§ YOUR OBJECTIVE
What is wanted is every line below from the one with "Finally, we add" up to and including the one with "В средней группе", retyped exactly, pictures excluded, nothing else.

§ DATASET EXTRACT

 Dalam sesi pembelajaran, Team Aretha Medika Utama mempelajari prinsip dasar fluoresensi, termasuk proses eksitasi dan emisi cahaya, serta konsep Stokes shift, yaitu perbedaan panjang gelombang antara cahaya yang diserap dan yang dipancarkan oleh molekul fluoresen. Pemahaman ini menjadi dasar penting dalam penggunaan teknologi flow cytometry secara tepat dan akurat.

--

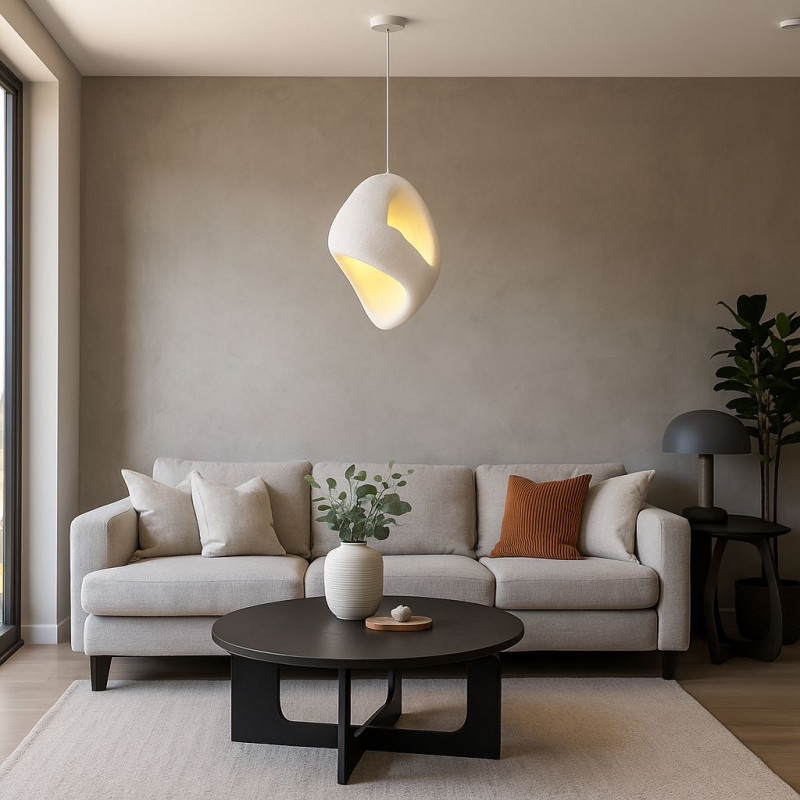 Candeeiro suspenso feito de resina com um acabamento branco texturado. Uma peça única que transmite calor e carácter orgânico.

...

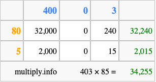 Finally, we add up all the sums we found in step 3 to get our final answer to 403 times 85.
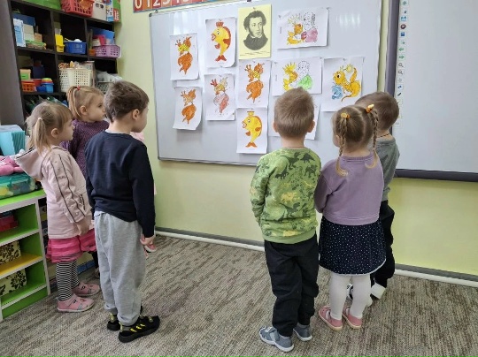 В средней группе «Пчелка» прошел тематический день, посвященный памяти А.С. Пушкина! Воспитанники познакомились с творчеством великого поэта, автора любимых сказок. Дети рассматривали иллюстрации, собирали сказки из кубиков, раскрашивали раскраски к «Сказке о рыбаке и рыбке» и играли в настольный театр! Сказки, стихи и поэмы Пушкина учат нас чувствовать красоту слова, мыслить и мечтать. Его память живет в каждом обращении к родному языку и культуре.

§ RESULT FOR THIS EXERCISE
 Finally, we add up all the sums we found in step 3 to get our final answer to 403 times 85.
 В средней группе «Пчелка» прошел тематический день, посвященный памяти А.С. Пушкина! Воспитанники познакомились с творчеством великого поэта, автора любимых сказок. Дети рассматривали иллюстрации, собирали сказки из кубиков, раскрашивали раскраски к «Сказке о рыбаке и рыбке» и играли в настольный театр! Сказки, стихи и поэмы Пушкина учат нас чувствовать красоту слова, мыслить и мечтать. Его память живет в каждом обращении к родному языку и культуре.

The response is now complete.